How to Measure Layer 2 Performance and Scalability

Published in

Offchain Labs

3 min readSep 12, 2019

One way to compare smart contract scaling solutions is by performance. Vendors like to throw around Transactions Per Second numbers — we have done this ourselves at Offchain Labs. But performance, besides being only one of the things developers and end users care about, is more complicated than a single number. As the saying goes, your mileage may vary — and is mileage even the best way to guesstimate your cost?

As Ben Jones said in his well-attended talk at EthBoston, the community needs to get beyond simplistic Transactions Per Second claims and look at more robust ways to measure performance. In this post I’ll draw on the long experience of the computer systems community in understanding how best to measure and characterize system performance and scalability.

Measuring Performance

As a starting point, we want to measure both throughput (how much work gets finished per second on average) and latency (how long it takes something to get finished). Driving a truck full of hard drives from New York to San Francisco has pretty high average throughput — maybe better than an Internet transfer — but a latency of several days will be problematic. In the blockchain space, latency is measured as finality time: the elapsed time from when a client submits a transaction until the result is fully finalized (so that the result will not be lost even if systems crash and the main chain reorgs).

Measuring throughput is more complicated. Transactions per second measures how many (typically trivial) transactions can be done. For applications with more complex transactions, computation per second may be more important, because the compute time for a transaction may dominate over the time to process a completed transaction. (For Arbitrum we measure computation in Ethereum gas equivalent computation per second.) In some applications, storage accesses per second may be the most important factor.

Measuring Scalability

All of this, so far, measures the performance of a single contract doing simple things.
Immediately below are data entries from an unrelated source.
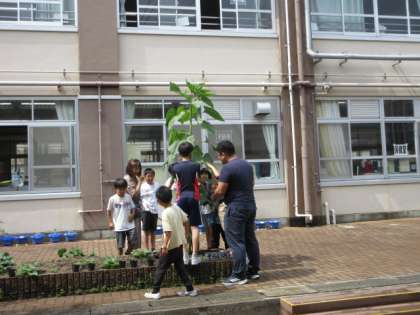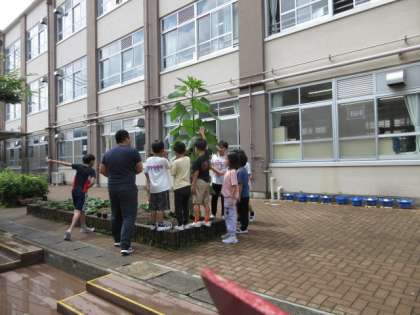 みんなで、てざわりや匂い、背の高さなどを調べ、大きなひまわりをじっくり観察しました。
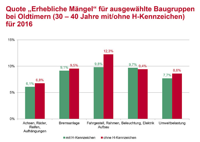 Bei den von der GTÜ im Jahr 2016 im Rahmen der HU untersuchten Oldtimern stellten die Prüfingenieure am häufigsten Mängel in den Baugruppen „Fahrgestell, Rahmen und Aufbau“, „Beleuchtung und Elektrik“, „Bremsanlage“ und bei der „Umweltbelastung“ fest.
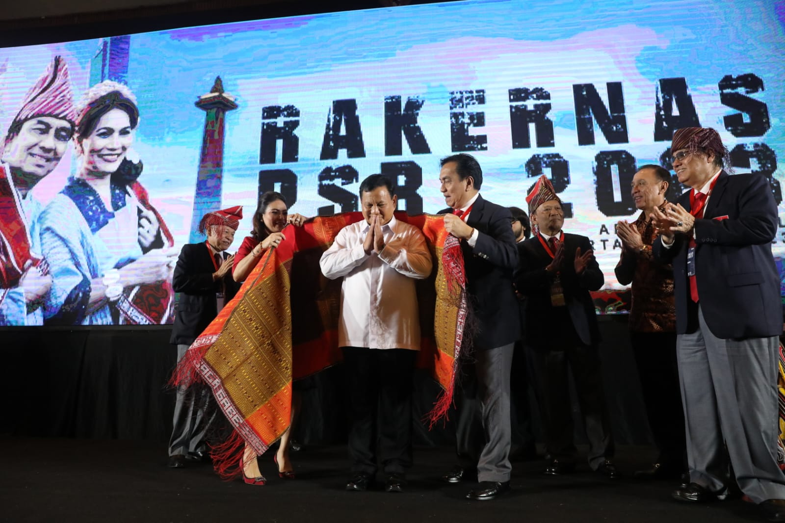 Jakarta (KPN) – Prabowo Subianto mengenang pahlawan-pahlawan hingga koleganya saat masih aktif sebagai TNI saat menghadiri acara Rakernas Punguan Simbolon dohot Boruna Indonesia (PSBI), di Hotel Arya Duta, Jakarta, Jumat (7/7/2023).
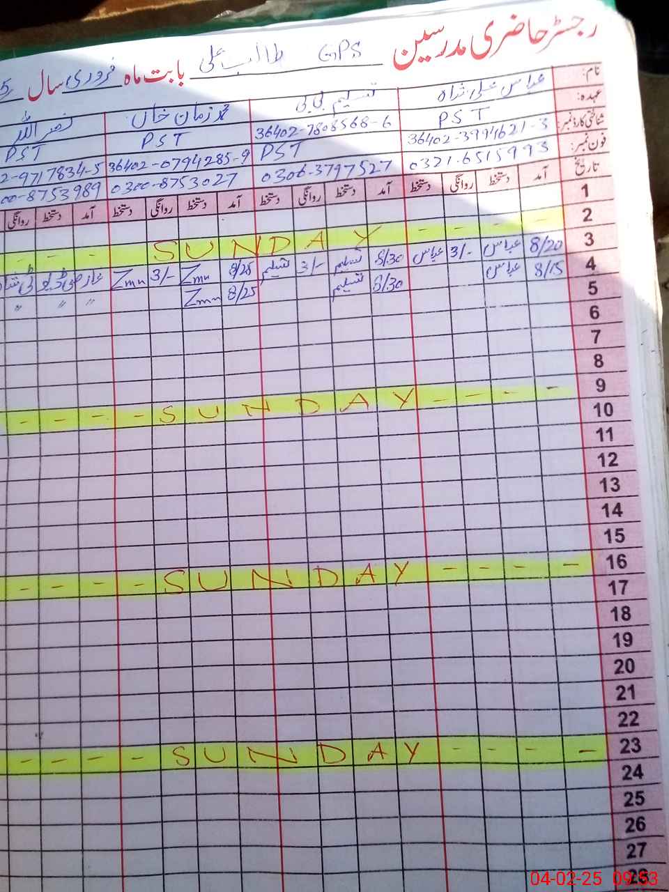 | Name: Ab**** Al**** Sh**** Designation: (School Headmaster's/Headmistress's) PST Phone/Cell Number: 03**** |
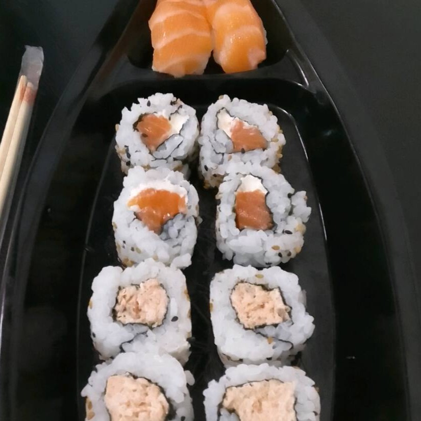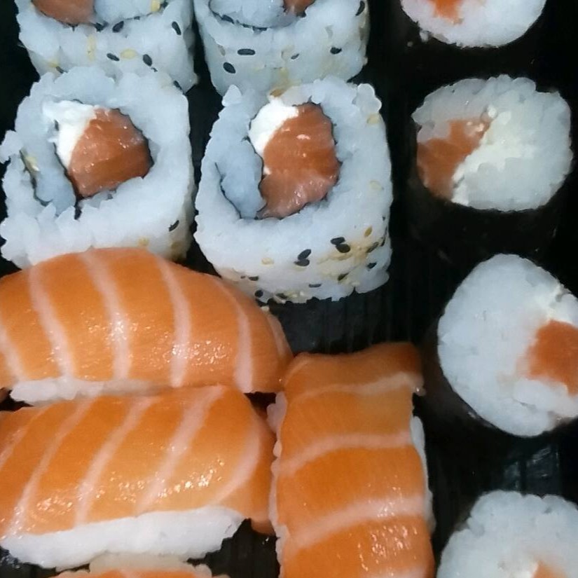 4 uramaki de salmão com cream cheese,4 maki de salmão,4niguiri de salmão
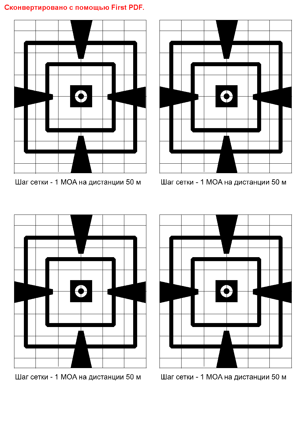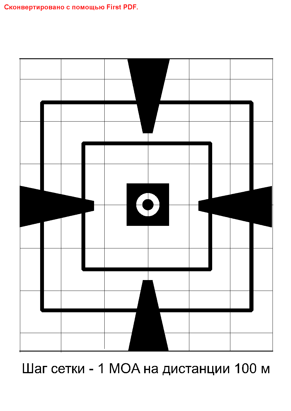 Или Вы мерить не умеете. 1 МОА на 100 м составляет 29.1 мм Распечатал мишеньку на сто, грубо 30мм. Есть некоторые отклонения по квадратам, но это не критично. Вот скан распечатанной мишеньки.
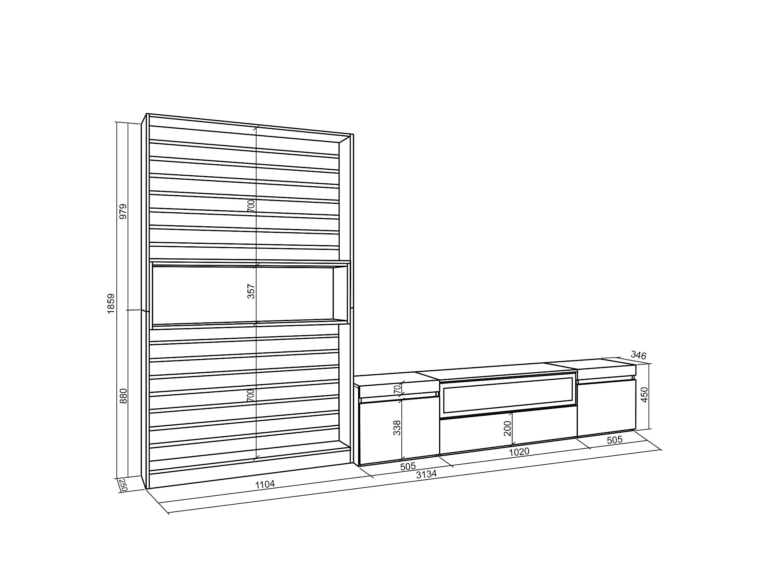 Ensemble Meuble TV, 310x35x186cm, Pour les TV jusqu'à 80", Cheminée électrique, Chêne et noir

We also want to measure scalability: how performance changes as we increase the demands on a system. Several dimensions of scalability matter. What happens as the number of contracts increases? What happens as the number of users per contract increases? What happens as the amount of storage in use increases? In each case we can measure performance curves, or simply look for the limit point — what is the maximum number of contracts, users, or storage cells before the system fails?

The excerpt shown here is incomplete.